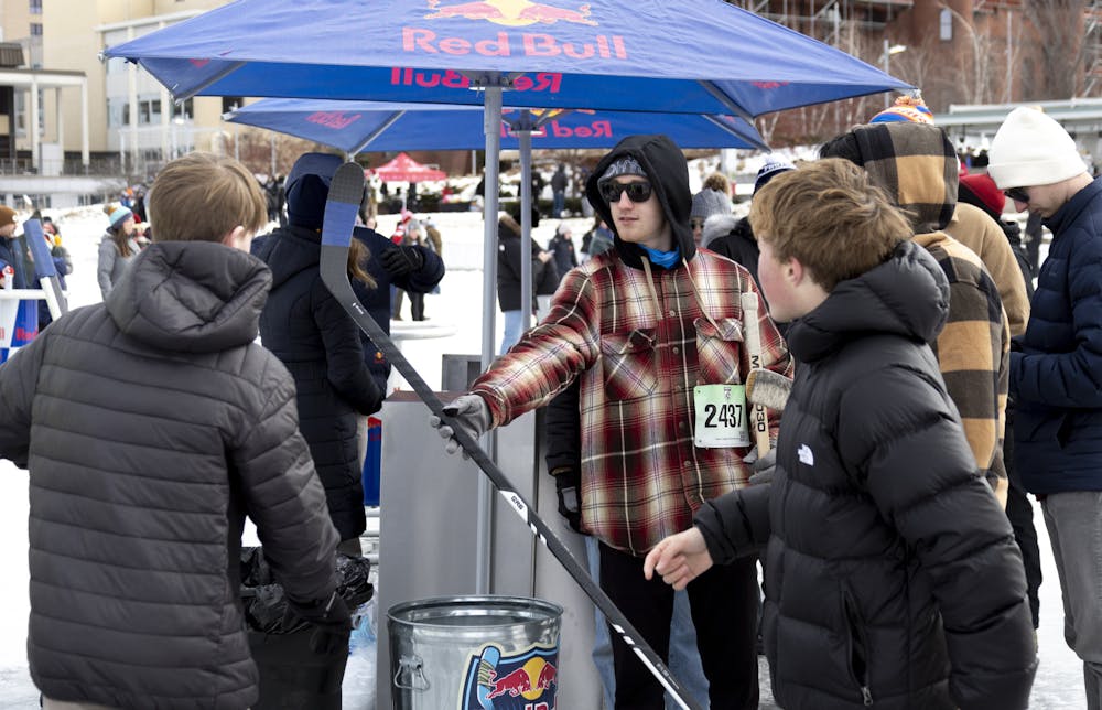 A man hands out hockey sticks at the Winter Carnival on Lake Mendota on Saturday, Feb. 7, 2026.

---

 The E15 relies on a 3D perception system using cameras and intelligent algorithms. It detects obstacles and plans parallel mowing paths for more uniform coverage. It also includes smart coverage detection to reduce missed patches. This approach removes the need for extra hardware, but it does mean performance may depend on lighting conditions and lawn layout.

* * *

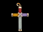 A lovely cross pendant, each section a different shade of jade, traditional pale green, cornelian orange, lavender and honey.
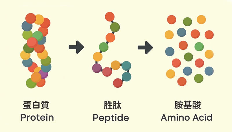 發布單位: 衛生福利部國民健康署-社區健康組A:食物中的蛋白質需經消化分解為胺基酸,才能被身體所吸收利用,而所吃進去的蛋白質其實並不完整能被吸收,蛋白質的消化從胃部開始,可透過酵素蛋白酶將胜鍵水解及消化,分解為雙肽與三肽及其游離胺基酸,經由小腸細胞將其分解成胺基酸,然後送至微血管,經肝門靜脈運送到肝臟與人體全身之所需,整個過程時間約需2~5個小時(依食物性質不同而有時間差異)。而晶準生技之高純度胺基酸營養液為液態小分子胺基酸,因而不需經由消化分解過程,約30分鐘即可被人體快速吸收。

| Required work |
The response must repeat exactly the lines above from the one with "A lovely cross" through the one with "發布單位: 衛生福利部國民健", including both, and must contain no pictures and no other text.

| Reply |
 A lovely cross pendant, each section a different shade of jade, traditional pale green, cornelian orange, lavender and honey.
 發布單位: 衛生福利部國民健康署-社區健康組A:食物中的蛋白質需經消化分解為胺基酸,才能被身體所吸收利用,而所吃進去的蛋白質其實並不完整能被吸收,蛋白質的消化從胃部開始,可透過酵素蛋白酶將胜鍵水解及消化,分解為雙肽與三肽及其游離胺基酸,經由小腸細胞將其分解成胺基酸,然後送至微血管,經肝門靜脈運送到肝臟與人體全身之所需,整個過程時間約需2~5個小時(依食物性質不同而有時間差異)。而晶準生技之高純度胺基酸營養液為液態小分子胺基酸,因而不需經由消化分解過程,約30分鐘即可被人體快速吸收。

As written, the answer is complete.